Figure 4. The network structure diagram proposed in this paper. It contains two layers of two-dimensional convolution, four layers of three-dimensional convolution, pooling and full connection layers. Convolution parameter represents :(channel, kernel size, stride, padding)

The results of

We verify the performance of the proposed algorithm on two video quality datasets, LIVE and CSIQ. The LIVE database contains 10 reference videos and 15 distorted videos corresponding to each reference video. The CSIQ dataset contains 12 source videos and 18 corresponding distorted videos. We use standard PLCC and SROCC as quality criteria to compare the performance of different algorithms.

Because these two databases are relatively small, we refer to the practice of another deep learning article [10] and randomly select 80% reference videos and the distorted videos obtained from them as the test set. We repeated this dataset partition 20 times and each time trained the model from scratch. The scatter diagram of the specific quality assessment is shown in Figure 5.

Figure 5. Scatter diagram of quality estimation results, where each point represents a video to be tested. The Y-axis is the estimated video quality, and the X-axis is the subjective scoring result. The left figure shows the test result on LIVE, and the right figure shows the test result on CSIQ.

We compared with commonly used full-reference quality assessment algorithms, including PSNR, MOVIE [11], ST-MAD [12], VMAF and DeepVQA [10]. Each test resulted in a PLCC and SROCC. In the table below, we used the median of the results of multiple experiments to represent the final performance.

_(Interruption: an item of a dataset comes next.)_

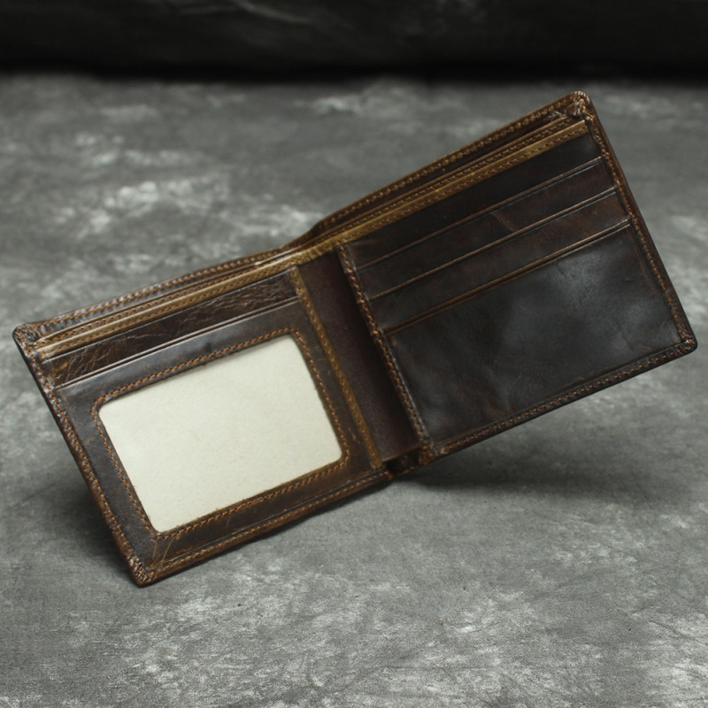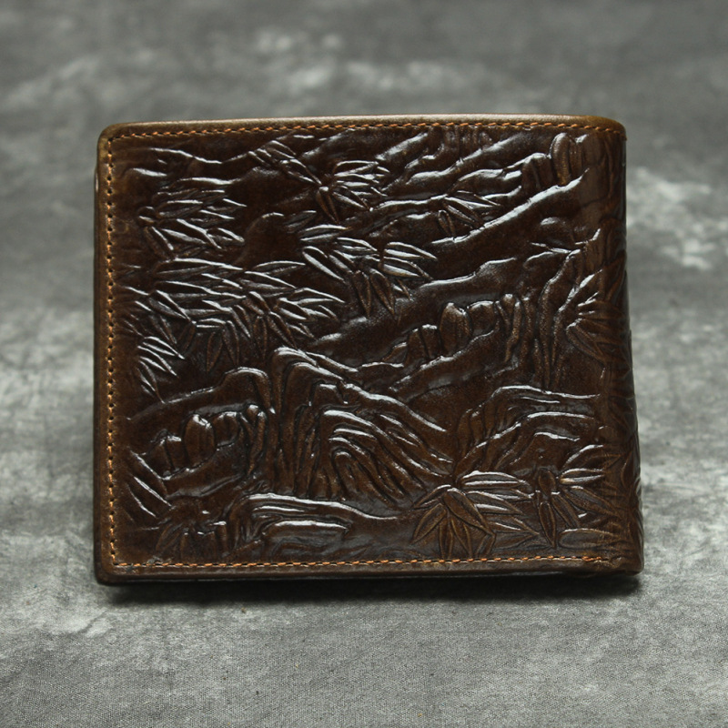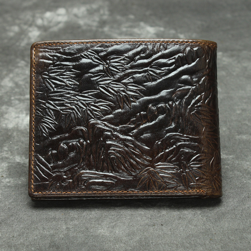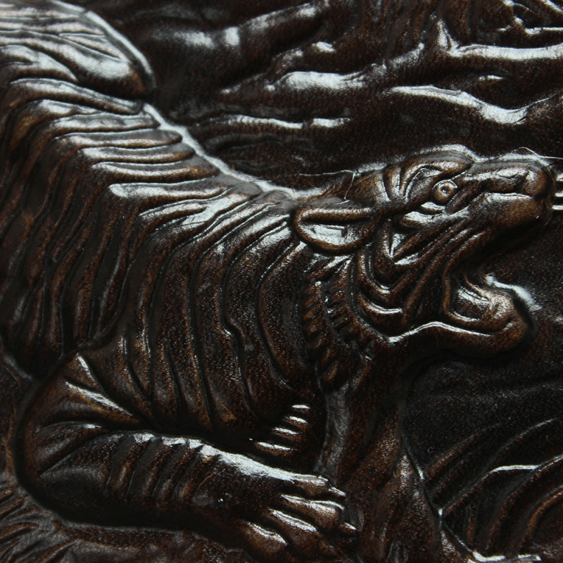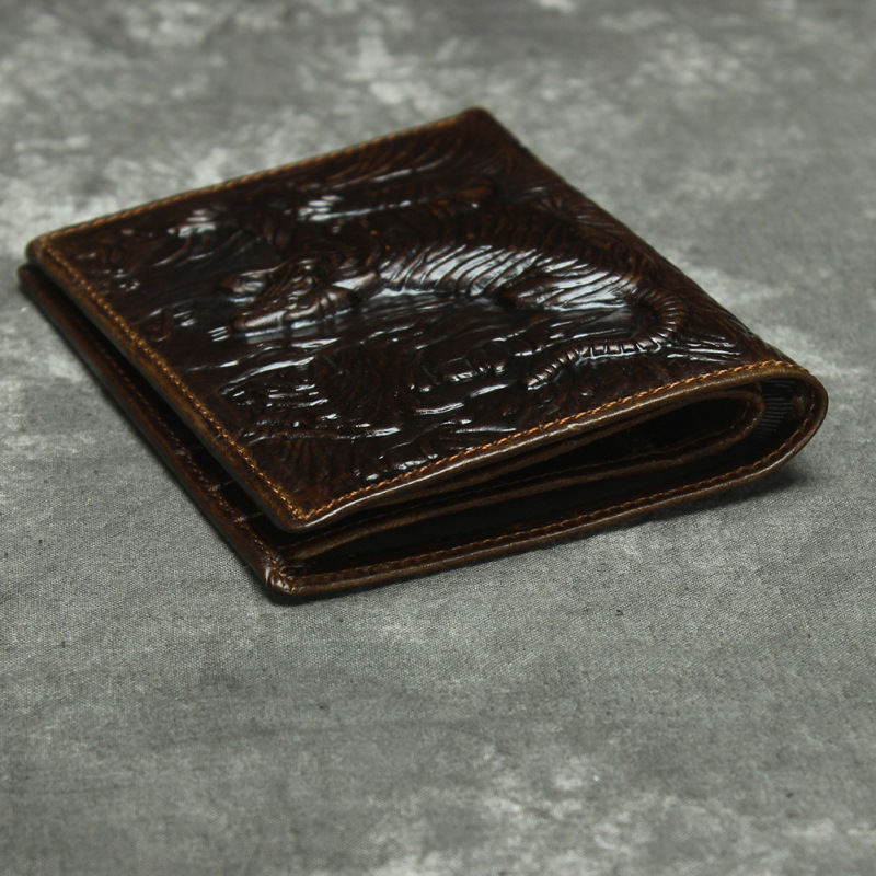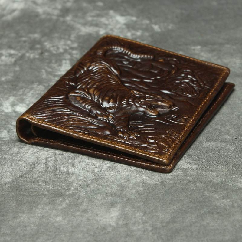 남성과 여성을위한 간단한 오일 왁스 가죽 지갑 정품 가죽 입체 호랑이 패턴 지갑 2-접이식 상단 레이어 소가죽 실버 가방 수평 및 수직스토어 가기
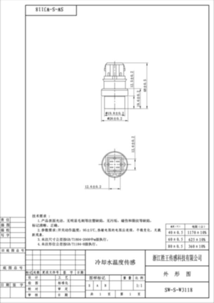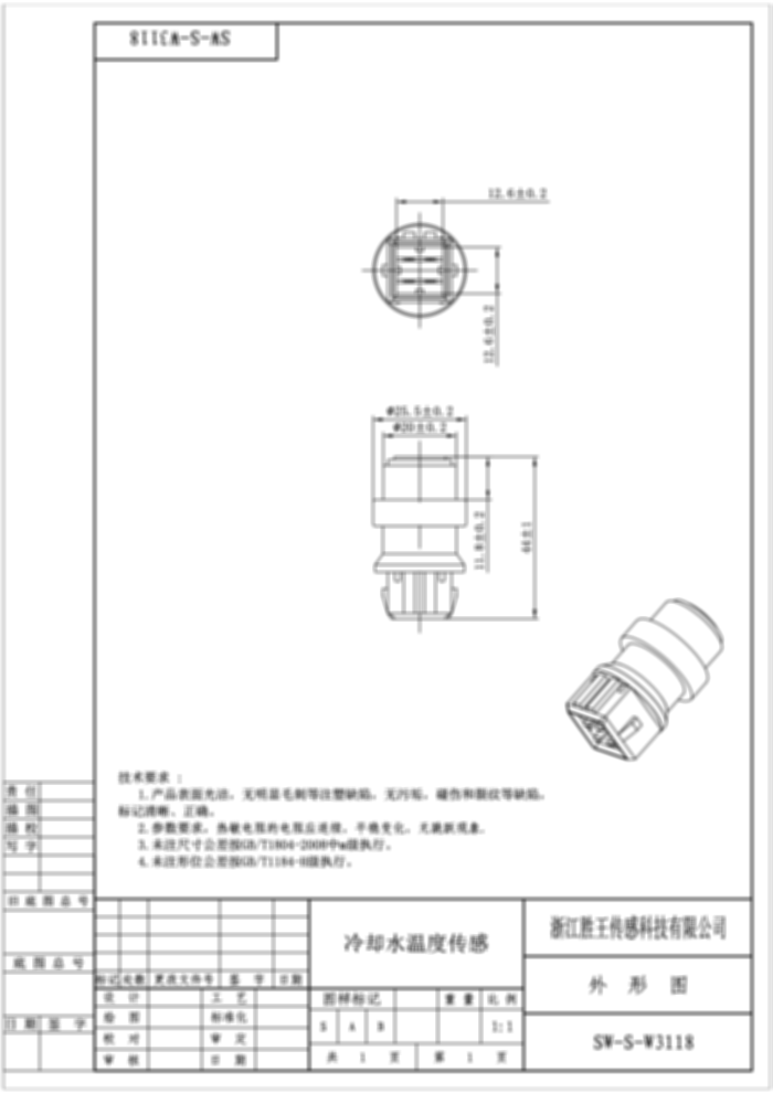Coolant Water Temperature Sensor SW-S-W3118

We can clearly see that the algorithm C3DVQA designed in this paper is significantly ahead of traditional algorithms such as PSNR, MOVIE, ST-MAD and VMAF in both databases. It is worth mentioning that DeepVQA is also an algorithm based on deep learning and has achieved good performance. We attribute these performance improvements to two reasons: 1) USING CNN to learn quality-related features is superior to traditional feature extraction algorithms; 2) Both DeepVQA and C3DVQA learn the spatio-temporal joint features of videos, and the explicit use of motion information can better characterize the video quality.

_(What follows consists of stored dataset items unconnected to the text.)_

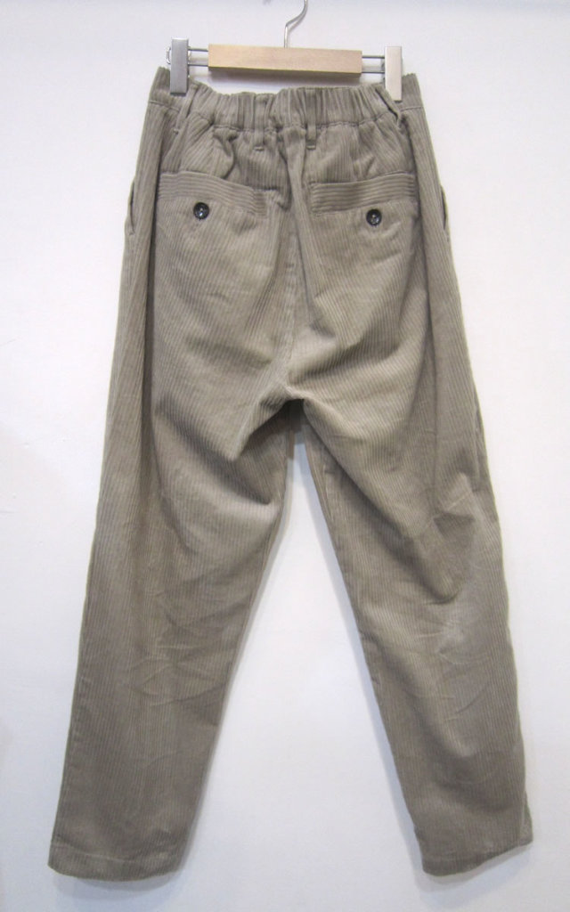 キュイー発信 テーパードコーヂュロイパンツ登場!秋冬らしさのあるコーデュロイ生地を使用した。ワイドパンツながらテーパードシルエットをプラスしカジュアルすぎない上品な表情に仕上がった!腿から膝下にかけて自然にテーパードされている「テーパードシルエット」は美脚効果も◎ 暖かみのある綿100%を使用し程よい厚みに仕上げた!秋冬シーズンのスタイリングに取り入れたい大人コーヂュロイ2カラーで登場!
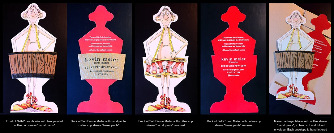 Just finished up a self promotion mailer for my illustration services. Thought I would share them here as well. After the character was created I cut out each one and then hand painted the wood planks on to the coffee sleeve, then put on his “barrel pants.”
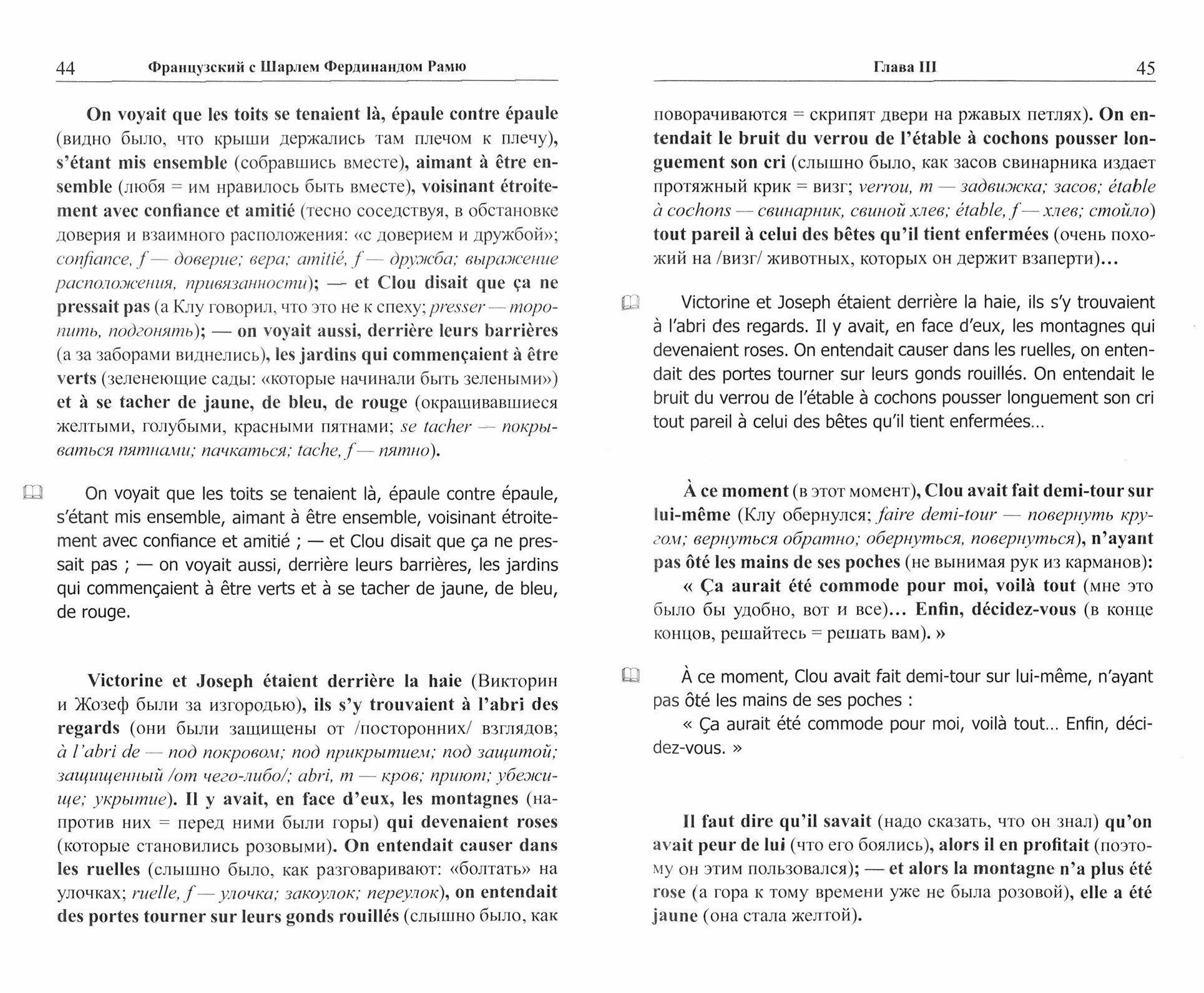 Роман выдающегося швейцарского писателя, классика европейской литературы Шарля Фердинанда Рамю (1878–1947) адаптирован в настоящем издании по методу обучающего чтения Ильи Франка: снабжены дословным переводом на русский язык и необходимым лексико-грамматическим комментарием (без упрощения текста оригинала).
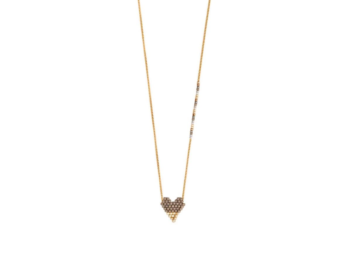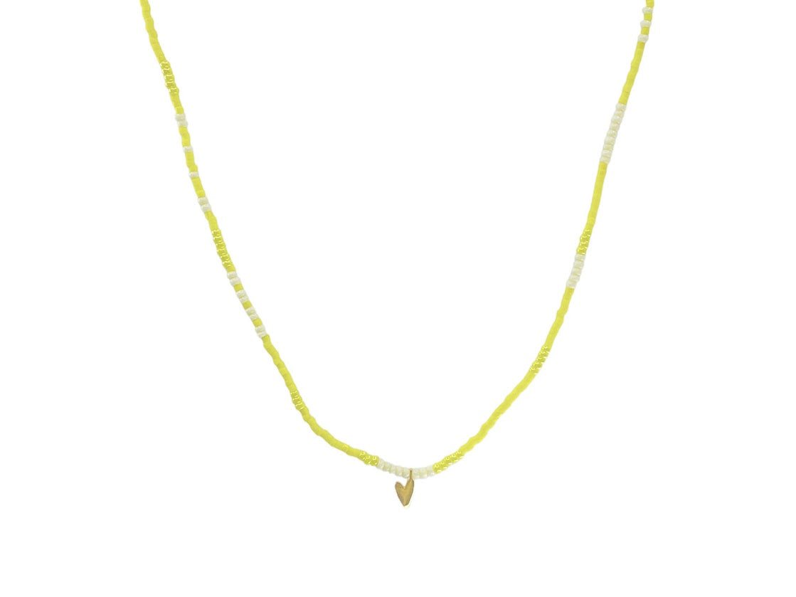 Yellow and Ivory Beaded Necklace with Heart Charm

Table 1. Performance comparison of different full reference algorithms on LIVE and CSIQ databases

conclusion

This paper briefly reviews the current development of video quality assessment in academia and industry. For complexity reasons, the industry still prefers to use less complex schemes based on image quality assessment. The downside is that the video as a whole can’t be used to learn spatio-temporal properties, although the results are poor and a good compromise between performance and complexity.

We propose a full reference algorithm based on 3d convolutional neural network. The problem of motion information loss can be solved better by learning the spatio-temporal joint feature of video. Compared with the traditional feature extraction algorithm, our algorithm can greatly improve the accuracy.

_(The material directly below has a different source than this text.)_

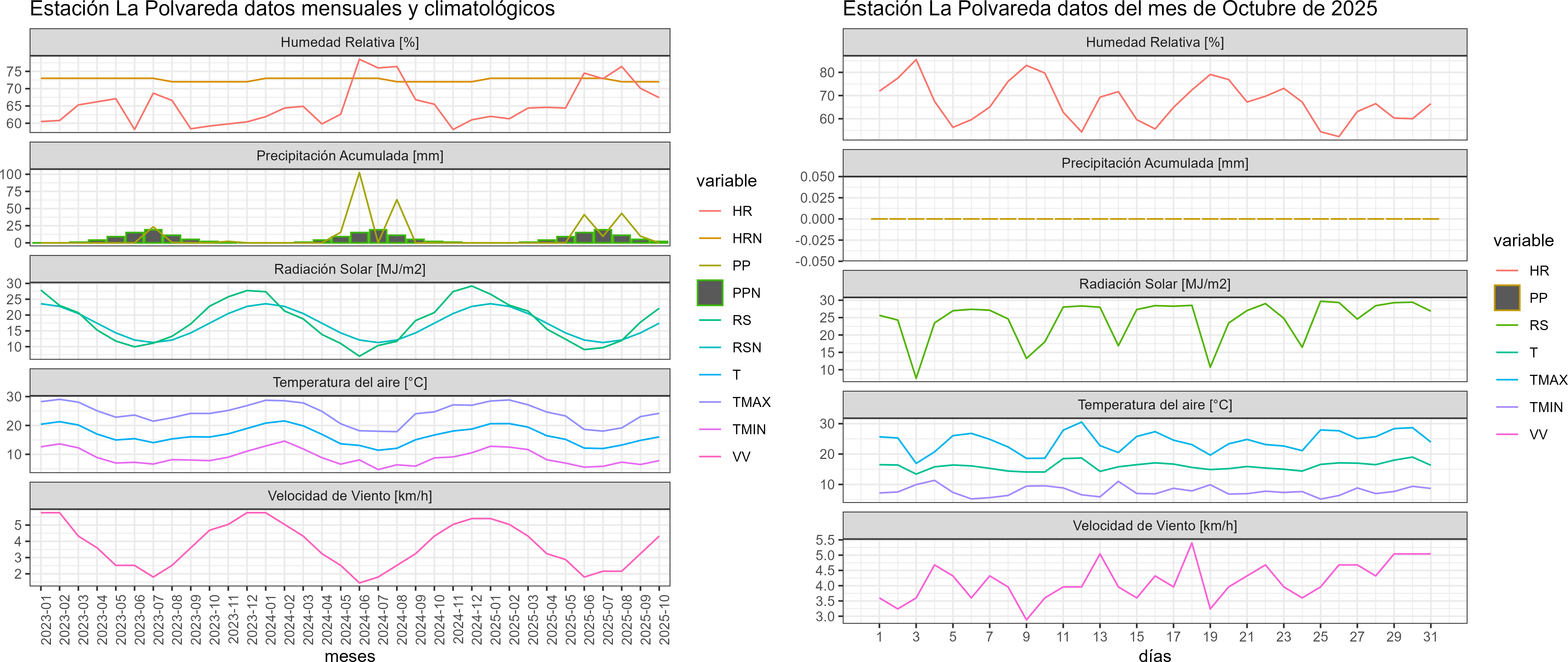 La estación La Polvareda corresponde al distrito agroclimático 3-4-2. Para este distrito climático la temperatura mínima, media y máxima climatológicas alcanzan los 7.4°C, 15.5°C y 23.7°C respectivamente. Por su parte, respecto a las temperaturas medidas durante el mes de octubre en la estación: la temperatura mínima alcanzo los 7.8°C (0.4°C sobre la climatológica), la temperatura media 16°C (0.5°C sobre la climatológica) y la temperatura máxima llegó a los 24.2°C (0.5°C sobre la climatológica). En el mes de octubre se registró una pluviometría de 0 mm, lo cual representa un 0% con respecto al mismo mes de un año normal. De enero a octubre se ha registrado un total acumulado de 103.3 mm, en circunstancias que un año normal registraría a la fecha 165 mm, lo que representa un déficit de 37.4%. A la misma fecha, durante el año 2024 la precipitación alcanzaba los 0.4 mm.

Of course, this is just the beginning and there is still a lot of work to be done. We want detailed complexity analysis, especially in scenarios where no GPU is available. We also want to know the performance of the trained algorithms on other databases, not just PGC videos, but UGC videos as well.

The good news is that we have plans to train code for open source models in the industry so that anyone can easily use their own database to train and test specific video business scenarios. At the same time, we welcome any form of collaborative development, whether it’s contributing databases, contributing pre-trained models, or even throwing out problems encountered in business scenarios.

Thank you

This project is based on the joint project of Tencent Multimedia Lab and Professor Li Ge’s team of Shenzhen Graduate School of Peking University.